Easy to download directly from Microsoft Store
Or install PyCharm
PyCharm download address

2. Install OpenCV-Python development kit

Call cmd, or install using pip instructions in the terminal:

pip install opencv-python

If the download speed is slow, you can use the Tsinghua mirror source address and add -i at the end of the command https://pypi.tuna.tsinghua.edu.cn/simple/
Full Instructions:

pip install opencv-python -i https://pypi.tuna.tsinghua.edu.cn/simple/

3. Install Tesseract-OCR

Official website
Official Documents
Language Pack Address
Download Address
First install Tesseract-OCR Python SDK support, call cmd, or install in a terminal using pip instructions:

pip install pytesseract -i https://pypi.tuna.tsinghua.edu.cn/simple/

Then click the download address link to install the latest version of Tesseract-OCR, and add in the environment variable:

C:\Program Files\Tesseract-OCR

Once OpenCV-Python and Tesseract-OCR are installed and configured, you need to verify the correctness further through code. Open the Pycharm IDE, create a new Python project and python file, and enter the following code:

import pytesseract as tess
print(tess.get_tesseract_version())
print(tess.get_languages())

Or enter in the terminal:

tesseract -v

If the installation is successful, the corresponding version number and the applicable language are displayed.
Last click on the language pack address link to install chi_sim Simplified Chinese Language Pack, which can be downloaded and placed directly in the tessdata folder of the program installation directory.
The command line uses the tesseract --list-langs command to view the languages currently supported by the software:

tesseract --list-langs

2. Writing Procedures

1. Introducing Libraries

This program requires library functions, code as follows (example):

import cv2 as cv
import pytesseract as tess
from datetime import datetime

2. Use Tesseract for Character Recognition (OCR)
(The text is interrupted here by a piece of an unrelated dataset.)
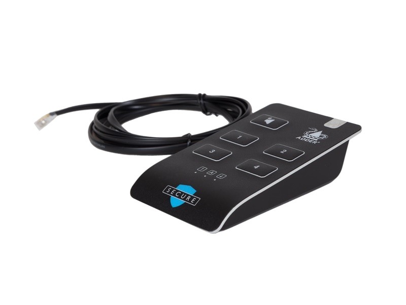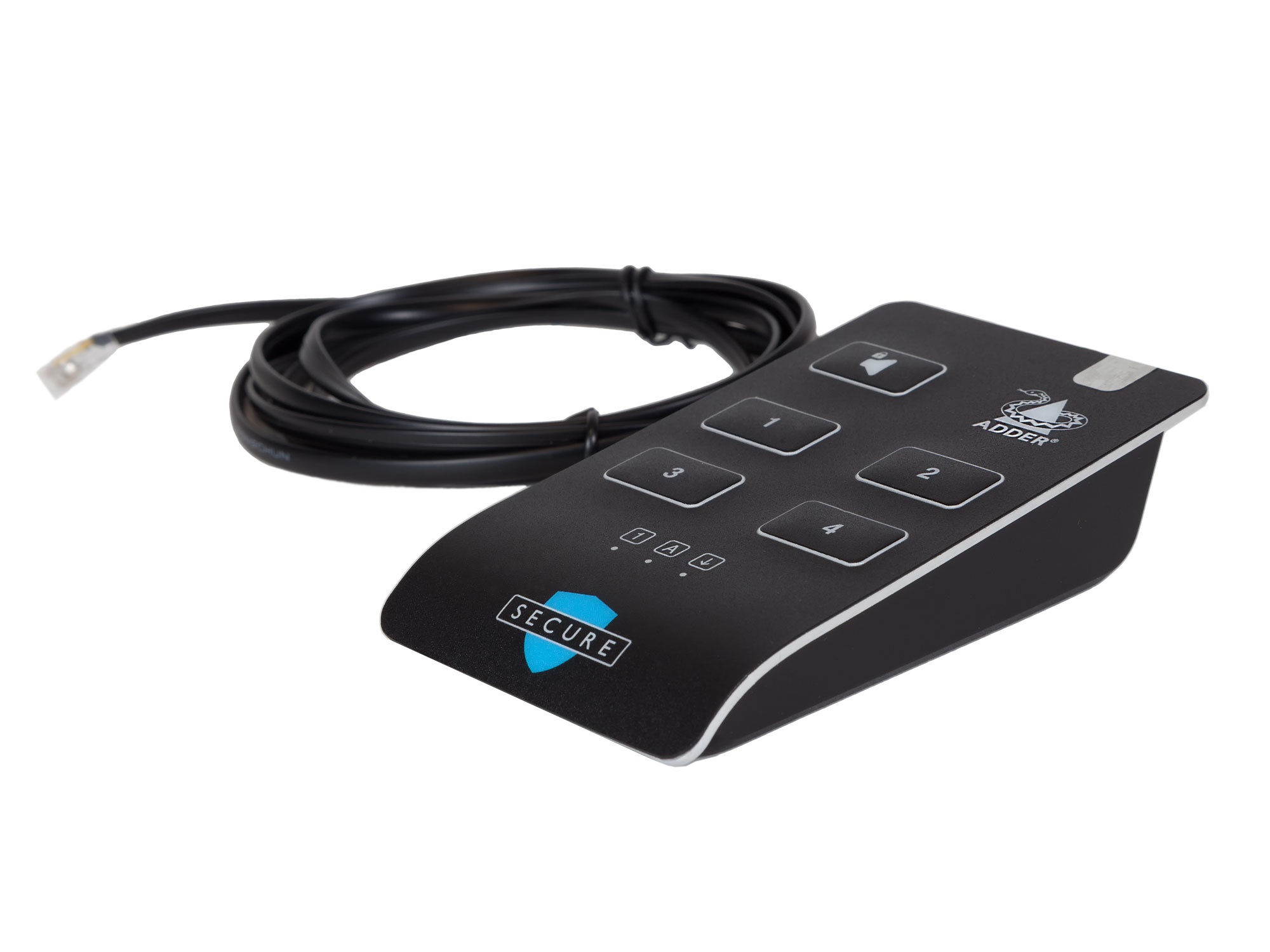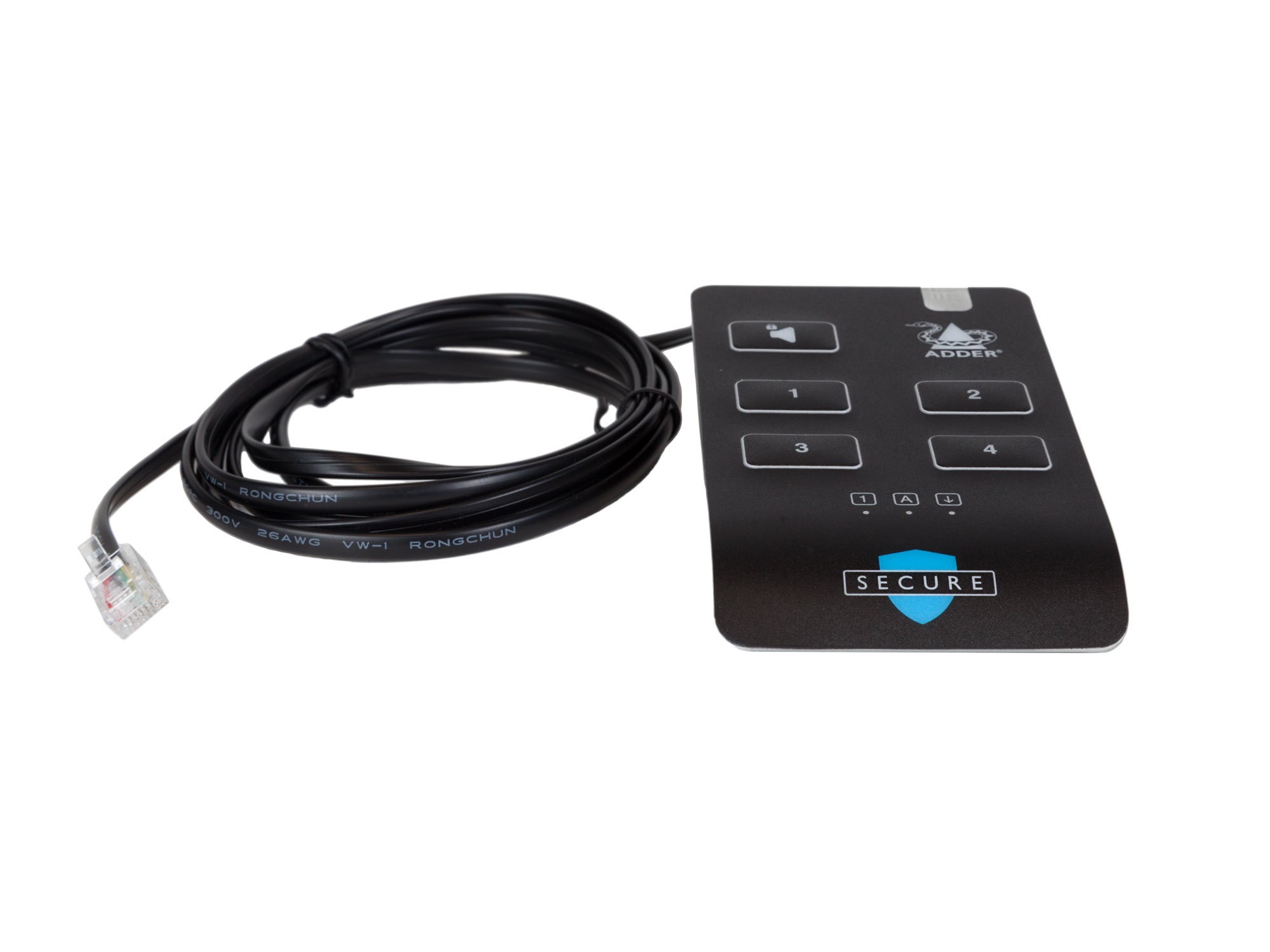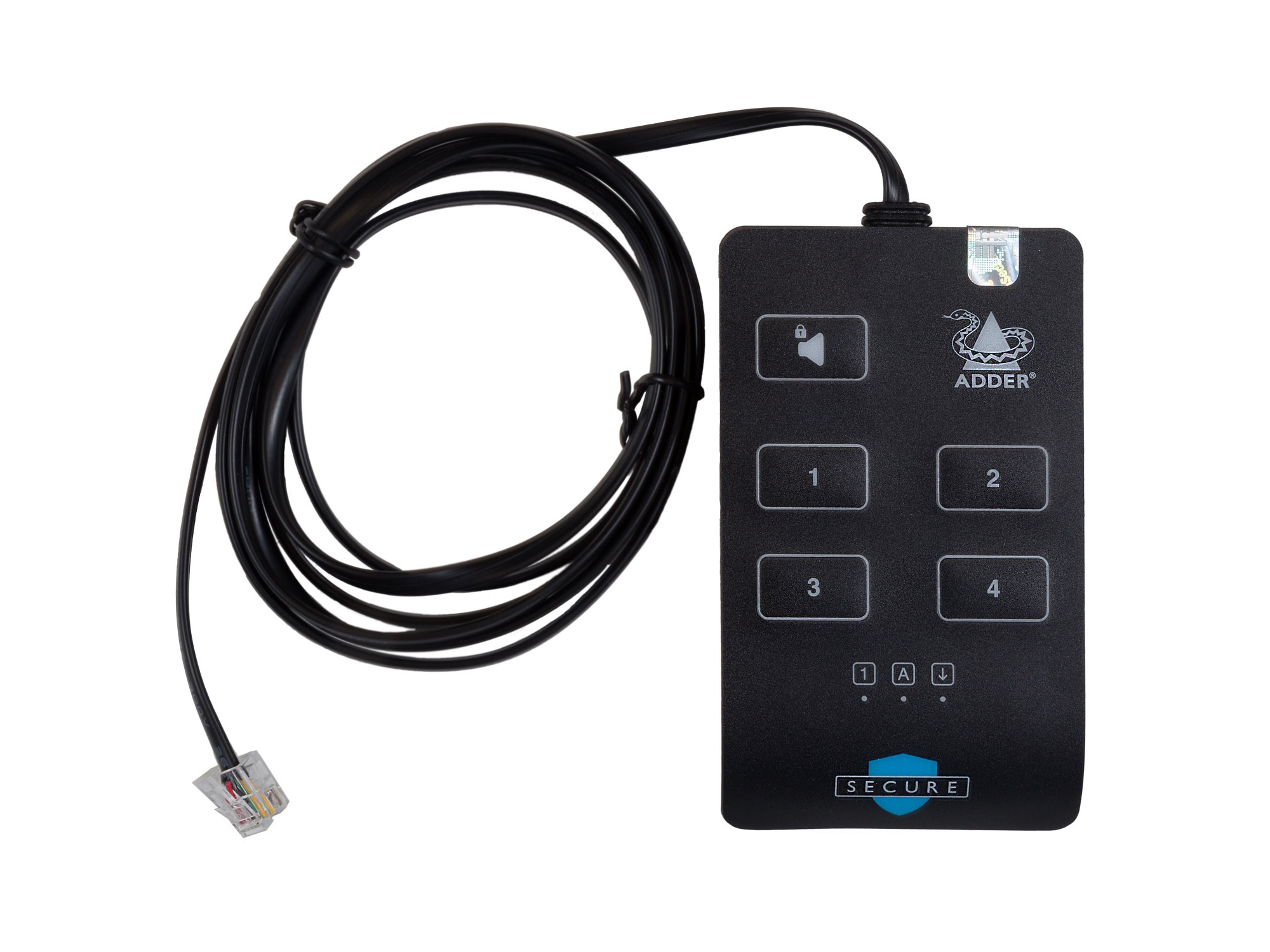 The ADDER Secure Remote Control Unit may be used to provide direct push-button access to any channel from your desktop. The unit is supplied with a serial cable for connecting to an ADDERView Secure switch.

OCR (optical character recognition) refers to the technology that directly recognizes an image containing text as computer text (computer black and white dot matrix). Text in images is typically printed.
Tesseract is an OCR open source library on github. Today we will use Tesseract for text recognition.
For example, we need to recognize the text on a nucleic acid test report:

Enter the following code to test:

import cv2 as cv
import pytesseract as tess
image = cv.imread("hesuan.png")
image_rgb = cv.cvtColor(image, cv.COLOR_BGR2RGB)
text = tess.image_to_string(image_rgb, lang="eng")
content = text.replace("\f", "").split("\n")
txt = []
for c in content:
    if len(c) > 0:
        print(c)
h, w, c = image.shape
boxes = tess.image_to_boxes(image)
for b in boxes.splitlines():
    b = b.split(' ')
    image = cv.rectangle(image, (int(b[1]), h - int(b[2])), (int(b[3]), h - int(b[4])), (0, 255, 0), 2)
cv.imshow('text detect', image)
cv.waitKey(0)
cv.destroyAllWindows()

Run result:

You can see that the information in the picture is well recognized.
However, the output is garbled:

Because we chose the English Standard Library, we need to change the lang parameter in the code to Simplified Chinese if we need to recognize Chinese:

text = tess.image_to_string(image_rgb, lang="chi_sim")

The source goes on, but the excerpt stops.